This article was published 25/09/2023 (760 days ago), so information in it may no longer be current.

A trial for a corrections officer charged in the death of jail inmate William Ahmo will move to closing arguments Wednesday after a judge rejected a defence bid to exclude written reports the officer provided to superiors following a violent 2021 standoff.

Ahmo, 45, died in hospital Feb. 14, 2021 — seven days after he was injured during a prolonged standoff with corrections officers at Headingley Correctional Centre.

Corrections officer Robert Jeffrey Morden, 44, who led the emergency response team that ultimately took Ahmo down, is on trial charged with criminal negligence causing death and failing to provide necessities of life.

SCREENSHOT
                                William Ahmo, 45, died in hospital Feb. 14, 2021 — seven days after he was injured during a prolonged standoff with corrections officers at Headingley Correctional Centre.

SCREENSHOT

William Ahmo, 45, died in hospital Feb. 14, 2021 — seven days after he was injured during a prolonged standoff with corrections officers at Headingley Correctional Centre.

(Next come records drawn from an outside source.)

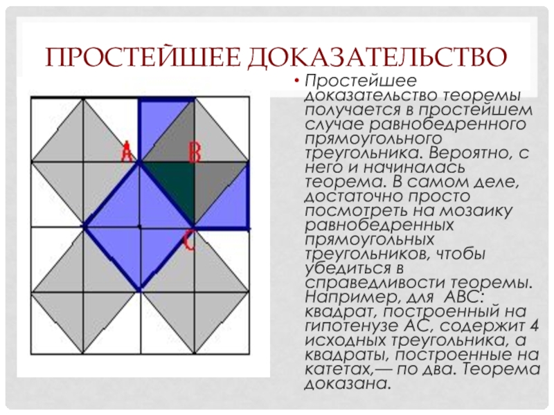 Вероятно, с него и начиналась теорема. В самом деле, достаточно просто посмотреть на мозаику равнобедренных прямоугольных треугольников, чтобы убедиться в справедливости теоремы. Например, для ABC: квадрат, построенный на гипотенузе АС, содержит 4 исходных треугольника, а квадраты, построенные на катетах,— по два. Теорема доказана.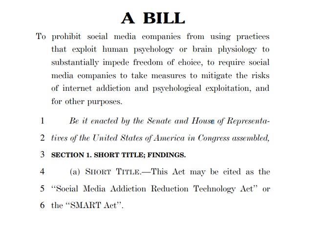 रिपब्लिकन सीनेटर जोश हॉले ने बीते मंगलवार को “सोशल मीडिया की लत” के खिलाफ अमरीकी संसद में एक नया बिल (SMART ACT)  पेश किया है। इसे वैश्विक अर्थव्यवस्था में सिलिकॉन वैली के बढ़ते दबदबे पर लगाम कसने की रणनीति के तौर पर देखा जा रहा है। इस विधेयक का नाम सोशल मीडिया एडिक्शन रिडक्शन टेक्नोलॉजी एक्ट (स्मार्ट एक्ट SMART ACT) है। इस विधेयक के जरिये सोशल मीडिया कंपनियों की अपने यूजर को ज्यादा से ज्यादा अपने फोरम का उपयोग करने के लिए किए जाने वाले गैरजरूरी प्रयासों पर लगाम लगाने की कोशिश की जा रही है। जैसे कि YouTube के “ऑटोप्ले” फीचर या स्नैपचैट के “स्नैपस्ट्रेक्स” पर इस बिल के बाद लगाम लग जाएगी।
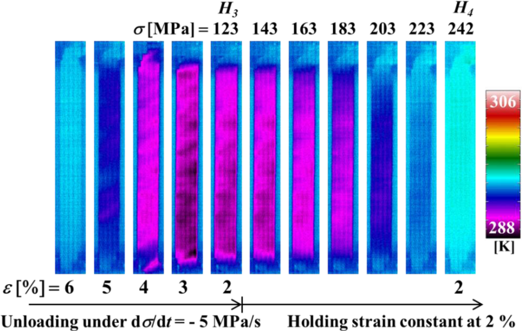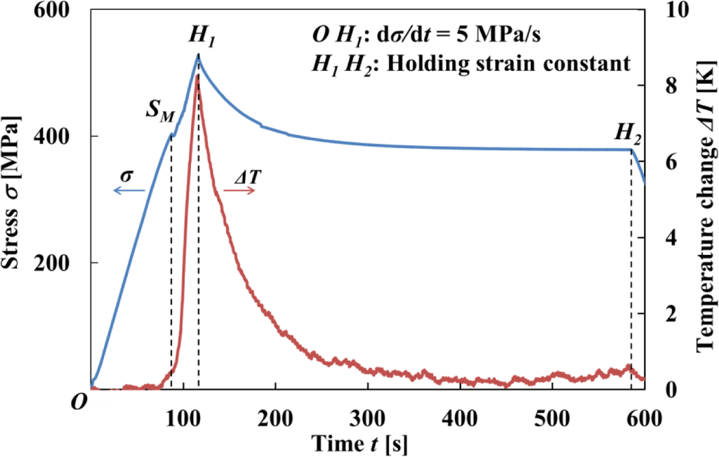As can be seen in Figures 6 and 7, in the loading process from the MT start point SM to the point H1 (ε1 = 6%) under a constant stress rate dσ/dt = 5 MPa/s, strain rate becomes high as shown in Figure 4 and there exists less time for the heat generated due to the exothermic MT to transfer to the atmospheric air, resulting in an increase in temperature of the specimen. In the strain holding stage from point H1 to point H2, the temperature decreases due to the air and the condition for the transformation to progress is satisfied, resulting in progress of the MT. As a result, stress relaxation appears while holding the strain constant.
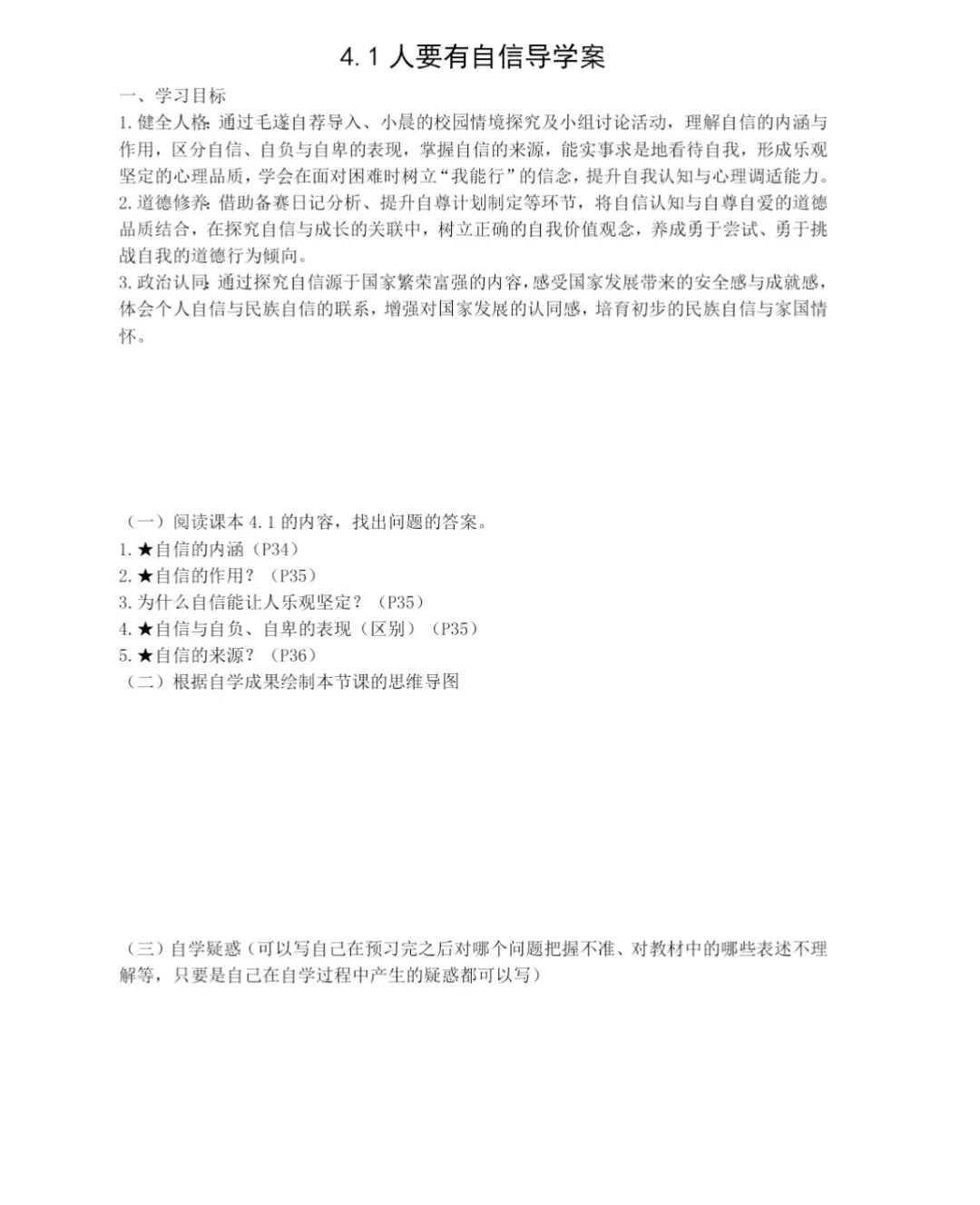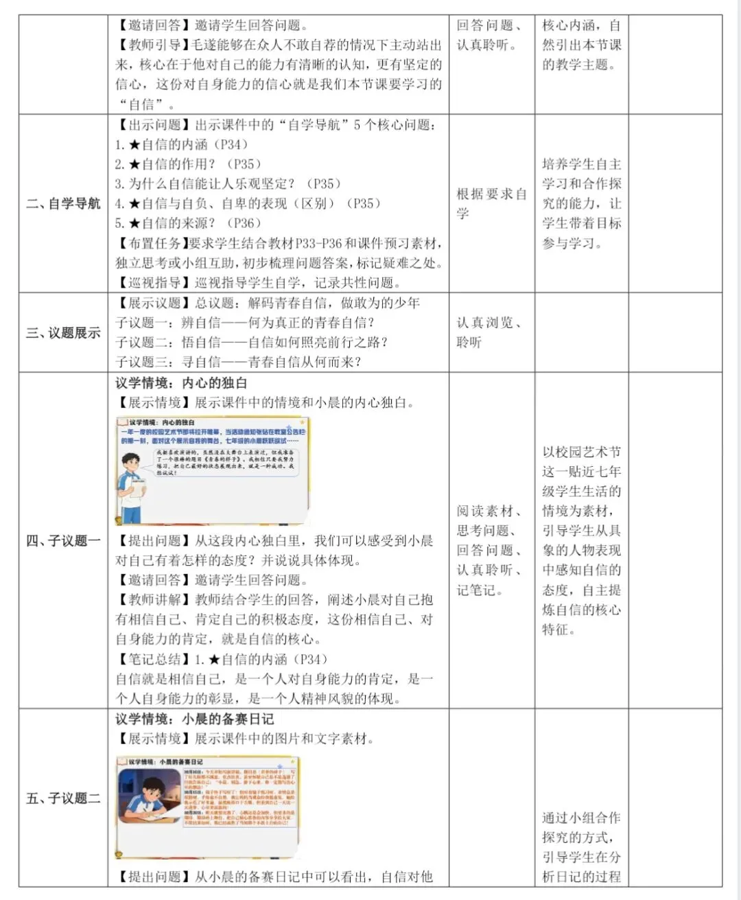 3.在子议题一中,创设小晨参加校园艺术节的内心独白情境,展示相关文字素材,提出“从这段内心独白里,我们可以感受到小晨对自己有着怎样的态度?并说说具体体现”的问题,探究得出自信的内涵。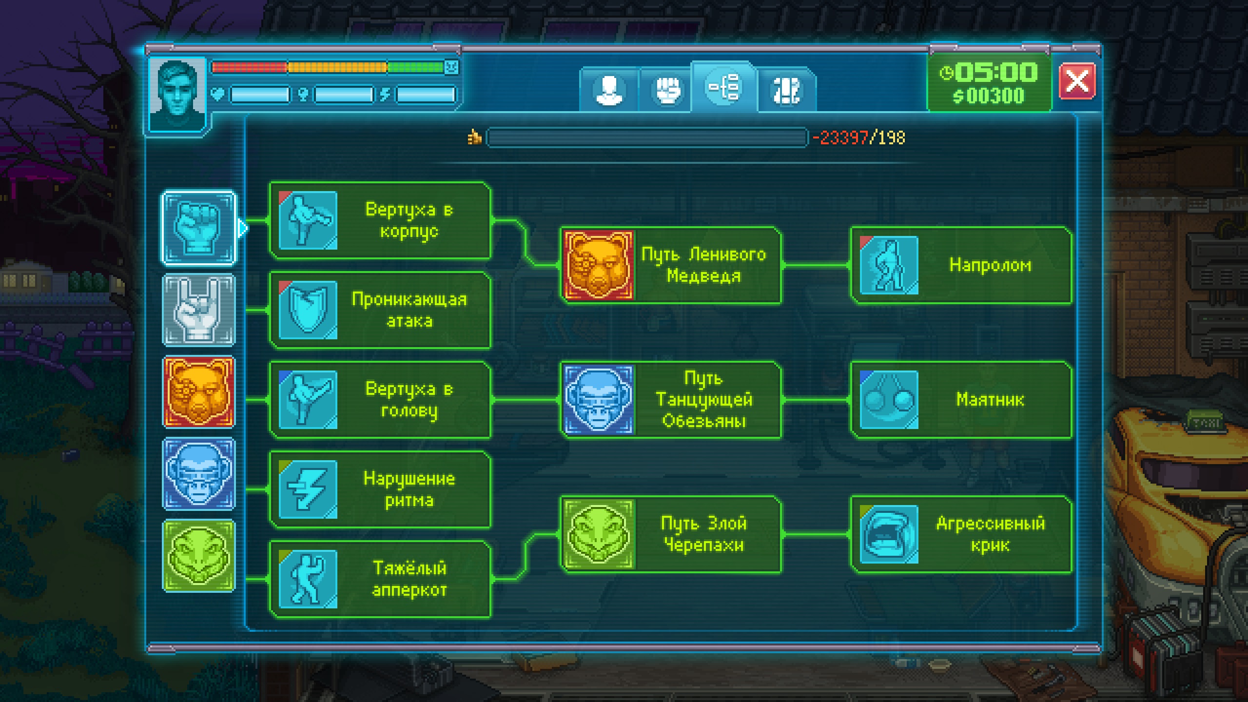 - Открыты все стили боя и навыки (прокачены до мастера).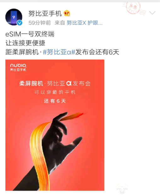 距离“柔屏腕机 努比亚阿尔法”发布会倒计时还有6天,据刚刚努比亚微博显示,此次努比亚阿尔法将搭载eSIM卡,实现“eSIM一号双终端 让连接更便捷”。此前这款产品在巴塞罗那展上引起不少国内外媒体行业人士的关注,如今也终于在国内揭开其神秘面纱了!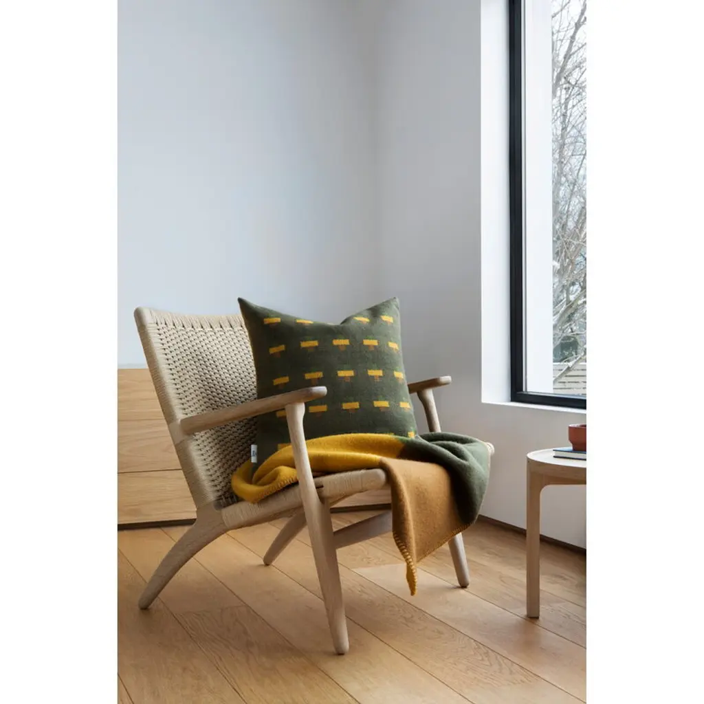 Røros Tweed's Syndin throw charms with playful blocks of contrasting colors, which have been inspired by the mountainous landscapes of the Syndin region in Norway. Designed by Kristine Five Melvær, the Syndin collection offers visual delight with its geometric shapes as well as luxurious softness and comfort. High-quality home textiles by the Norwegian Røros Tweed are made from 100% Norwegian lambswool, shorn from sheep living free in the mountains. The manufacturing process is also kept fully in Norway to maintain high standards, which have been essential to the company's continued success since the 1940s.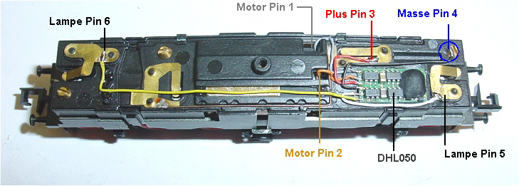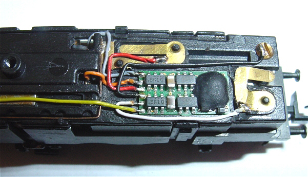 Der Decoder ist mit hauchdünnem Doppelklebeband aufgeklebt und verdrahtet. Man kann die gelbe Lichtleitung auch an der Nut

Jail video previously played for court showed Morden and nearly a dozen other response officers storming the common area of Ahmo’s unit and firing several chemical irritant projectiles as the inmate stood on a second-floor walkway.

Officers took Ahmo to the ground and forcefully restrained him for several minutes before he was found not breathing. Paramedics restored Ahmo’s heartbeat, but he never regained consciousness and died in hospital seven days later.

Under the correctional service’s use-of-force policy, any officer directly involved in, or a witness to, a use-of-force incident is required to provide a written report to their superiors, including a threat assessment, what they saw and what they did.

Prior to the trial, Crown lawyers signalled they would be seeking to use the reports in their cross-examination of Morden, should he testify. Morden’s lawyers filed a charter challenge, arguing use of the reports would violate Morden’s right against self-incrimination.

Lawyers argued the charter challenge before provincial court Judge Tony Cellitti earlier this month. Cellitti ruled Monday the reports were admissible.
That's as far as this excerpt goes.